If you’re serious about your sport then, and looking for something to protect your sight, and keep it firmly on any incoming or outgoing balls, these are truly the shades for you – albeit at that slight premium price point you’d expect with the high-performance specs.

Mango polarized sunglasses

Best: On the high street

Rating: 8/10

While there are plenty of options on the high street, it’s hard to find a pair of sunglasses that can compete quality-wise with the specialist brands while also retaining the oh-so-attractive price point. That is until we came across these handsome sunnies from Mango, made out of recycled plastic for added eco cred and complete with 100 per cent UV protection.

Like the Le Specs shades, you can tell the quality difference between these and a pair of shades above the £100 mark – mainly from the weight of the frames – but for a stylish pick-up that will suit most face shapes, these are certified crowd-pleasers.

Weekday explore rounded sunglasses

Best: For festivals

Rating: 8/10

With the sun, comes the festivals, and the need for a pair of sunnies that won’t just slot in with your stylish party-ready garms, but also are relatively inexpensive should you lose, drop, or crush them in your bid to get to the front of the main stage.

Enter these John Lennon-esque specs from Scandi high street stalwart Weekday.
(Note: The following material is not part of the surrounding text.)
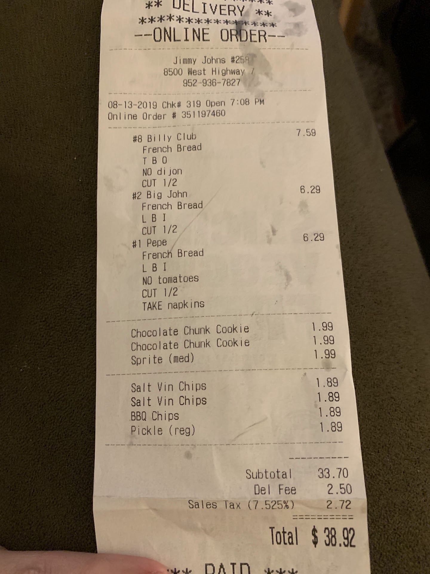 Ok. No big deal. Called in, asked for a new sandwich. Guy on the phone (who I later learned delivered) was pleasant and surprised. He apologized and got another going. Awesome response. Note: I offered a picture of the sandwich, which was declined as unnecessary. This is relevant for later.

With their thin, wiry frames, they’re arguably the least durable on the list – we wouldn’t expect them to last many drops in the mud let’s put it that way.

But that’s not what they’re designed for. Fun is the operative word here, and they’ll certainly look knock-out alongside a breezy patterned shirt, while also being surprisingly comfy thanks to the padded bridge. Plus at the price point you can afford to have a couple of spares handy, should the inevitable happen.
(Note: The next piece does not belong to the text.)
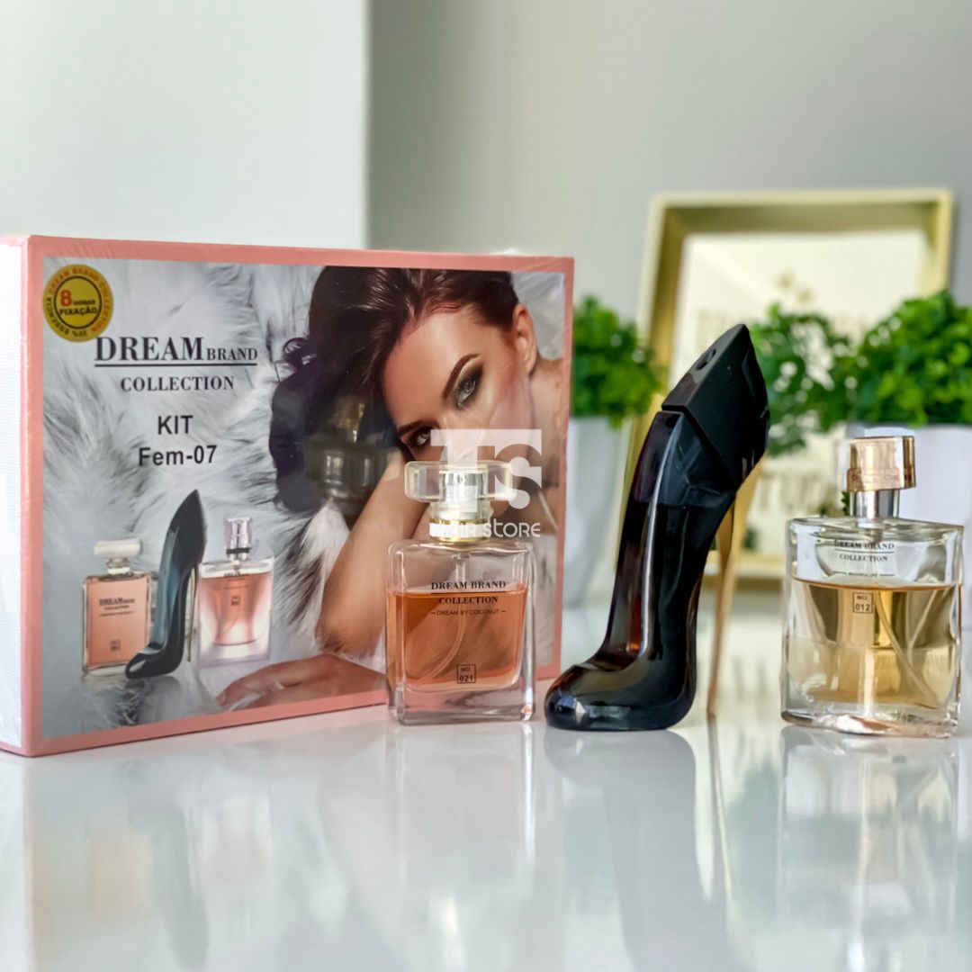Kit contém 3 perfumes femininos Dream Brand Collection de 25 ml cada:

M&S D frame polarised sunglasses

Best: Backup pair

Rating: 7/10

Talking of backup pairs, here’s another stellar option to consider. M&S has always been a great place to buy quality, can’t-go-wrong pieces after all, and especially when it comes to its basics. These shades come with category 3 UV protection, making them more than up to the job for even the sunniest of summer holidays, while the attractive shade of olive is striking without compromising on versatility.

Once again, there is a quality gap here between the sturdy feel of the lenses and frames on the more expensive end, versus what you’re getting here – but for a tenth of the price, it simply is a matter of what you want and need. So, if you’re looking for a good backup pair, these will not disappoint.

The verdict: Sunglasses for men

While the Le Specs no biggie sunglasses are an attractive proposition because of the substantial price difference, if you’re looking to make an investment for many summers to come it’s hard to overlook Ray-Ban or Cubitts for their timeless style and quality.